Start of Available data

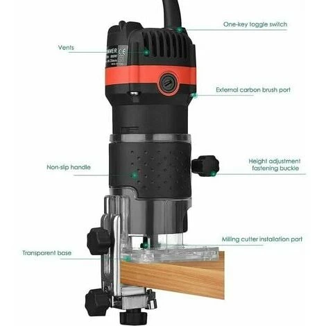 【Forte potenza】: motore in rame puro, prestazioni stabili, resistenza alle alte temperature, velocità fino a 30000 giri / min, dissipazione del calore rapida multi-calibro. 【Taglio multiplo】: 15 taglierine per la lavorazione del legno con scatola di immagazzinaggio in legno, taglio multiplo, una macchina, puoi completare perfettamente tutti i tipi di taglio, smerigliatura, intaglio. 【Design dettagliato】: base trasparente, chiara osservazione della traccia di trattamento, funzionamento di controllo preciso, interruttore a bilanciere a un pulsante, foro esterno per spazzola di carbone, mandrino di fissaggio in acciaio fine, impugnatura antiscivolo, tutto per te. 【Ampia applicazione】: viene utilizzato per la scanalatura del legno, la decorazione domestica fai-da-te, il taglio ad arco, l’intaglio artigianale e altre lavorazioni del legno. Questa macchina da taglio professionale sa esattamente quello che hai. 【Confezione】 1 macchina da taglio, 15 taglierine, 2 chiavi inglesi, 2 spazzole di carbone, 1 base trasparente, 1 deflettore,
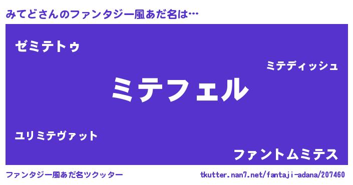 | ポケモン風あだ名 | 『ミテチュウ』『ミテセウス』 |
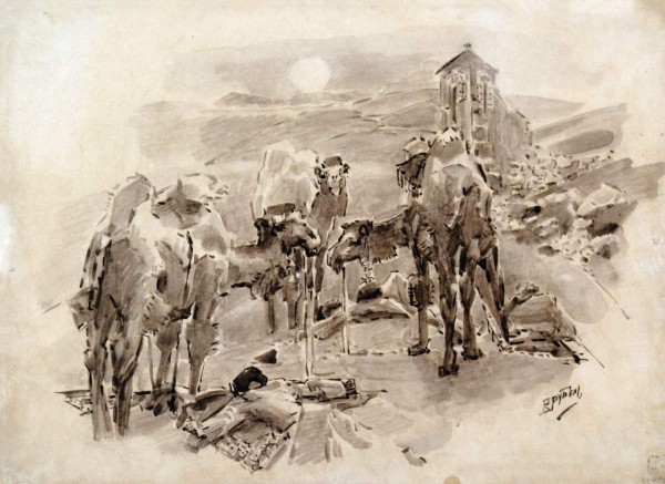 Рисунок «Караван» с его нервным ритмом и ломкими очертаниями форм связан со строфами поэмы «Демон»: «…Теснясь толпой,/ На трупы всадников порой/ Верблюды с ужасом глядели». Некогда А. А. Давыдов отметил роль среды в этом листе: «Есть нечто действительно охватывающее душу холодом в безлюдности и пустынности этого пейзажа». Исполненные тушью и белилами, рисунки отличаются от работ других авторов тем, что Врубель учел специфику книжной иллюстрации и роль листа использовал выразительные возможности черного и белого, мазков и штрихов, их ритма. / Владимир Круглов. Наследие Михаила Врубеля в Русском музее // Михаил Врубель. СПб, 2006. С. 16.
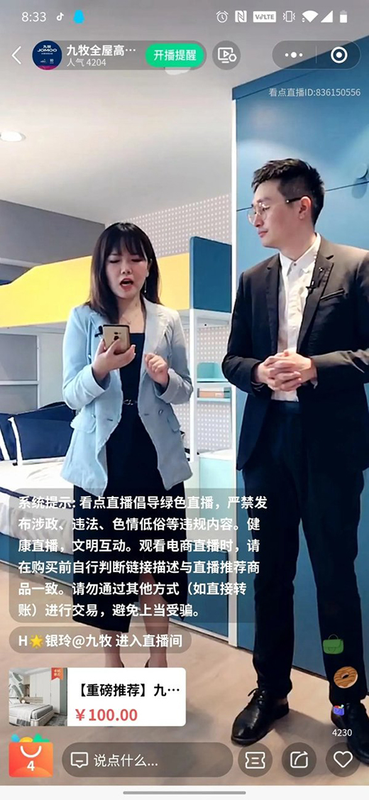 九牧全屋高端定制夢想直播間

End of Available data

◆ **Activity**: With the pictures omitted, print each line of the data above precisely as given.

◆ **Final answer**:
 【Forte potenza】: motore in rame puro, prestazioni stabili, resistenza alle alte temperature, velocità fino a 30000 giri / min, dissipazione del calore rapida multi-calibro. 【Taglio multiplo】: 15 taglierine per la lavorazione del legno con scatola di immagazzinaggio in legno, taglio multiplo, una macchina, puoi completare perfettamente tutti i tipi di taglio, smerigliatura, intaglio. 【Design dettagliato】: base trasparente, chiara osservazione della traccia di trattamento, funzionamento di controllo preciso, interruttore a bilanciere a un pulsante, foro esterno per spazzola di carbone, mandrino di fissaggio in acciaio fine, impugnatura antiscivolo, tutto per te. 【Ampia applicazione】: viene utilizzato per la scanalatura del legno, la decorazione domestica fai-da-te, il taglio ad arco, l’intaglio artigianale e altre lavorazioni del legno. Questa macchina da taglio professionale sa esattamente quello che hai. 【Confezione】 1 macchina da taglio, 15 taglierine, 2 chiavi inglesi, 2 spazzole di carbone, 1 base trasparente, 1 deflettore,
 | ポケモン風あだ名 | 『ミテチュウ』『ミテセウス』 |
 Рисунок «Караван» с его нервным ритмом и ломкими очертаниями форм связан со строфами поэмы «Демон»: «…Теснясь толпой,/ На трупы всадников порой/ Верблюды с ужасом глядели». Некогда А. А. Давыдов отметил роль среды в этом листе: «Есть нечто действительно охватывающее душу холодом в безлюдности и пустынности этого пейзажа». Исполненные тушью и белилами, рисунки отличаются от работ других авторов тем, что Врубель учел специфику книжной иллюстрации и роль листа использовал выразительные возможности черного и белого, мазков и штрихов, их ритма. / Владимир Круглов. Наследие Михаила Врубеля в Русском музее // Михаил Врубель. СПб, 2006. С. 16.
 九牧全屋高端定制夢想直播間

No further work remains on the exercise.